Remedies Can Vary Based on the Type of Breach
If you’re in business, there’s a good chance you’re involved with contracts on a regular basis. There’s also a strong likelihood that you’ve had another party to a contract fail to honor the terms of the agreement. Although any such failure technically constitutes a breach of contract, there are different types of breach, and they can have different remedies and consequences.
With a material breach, at least one party has received significantly less than promised in the contract. A material breach may involve delivery of nonconforming goods, late delivery, or other failures to perform contractual obligations in a timely manner. Among the questions typically asked to determine whether a breach is material are:
- Was the item or matter involved at the heart of the deal?

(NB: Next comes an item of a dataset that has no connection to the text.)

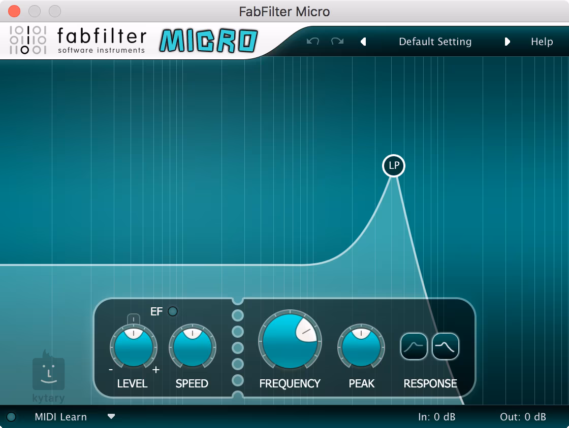 Jediný filtr FabFilter Micro je hladký a krémový, ale při úpravě pomocí interaktivního displeje se snadno promění v syrově znějící zvuk se samovolnou oscilací. Filtr je vybaven nastavením low-pass a hi-pass, envelope follower a modulací cut-off frekvence. Pomocí jednotlivých parametrů Input Gain a Output Gain můžete plně ovládat saturaci vnitřního filtru, takže FabFilter Micro se ideálně hodí nejen pro základní filtrační úlohy, ale je také schopen krásných efektů zkreslení a analogové saturace.

- Is there a way to fairly compensate the nonbreaching party?
- Can the breach be fixed without significant loss to the nonbreaching party?
- Did the breaching party act in bad faith?
An anticipatory breach is one that has not actually happened yet but is expected to happen by one or more of the parties. For example, when a contract requires delivery of goods on a certain day, but the party obligated to deliver those goods might indicates (before the delivery date) that the delivery will be late. An anticipatory breach also can occur if circumstances indicate that it will be impossible for a party to meet their obligations under the contract. With an anticipatory breach, the nonbreaching party can treat the contract as though it were already breached.
A minor breach is a situation where a party has not complied with the specific terms of the agreement, and their noncompliance may or may not have caused the nonbreaching party to suffer losses. If the nonbreaching party cannot show negative financial consequences of the breach, the contract will be enforced.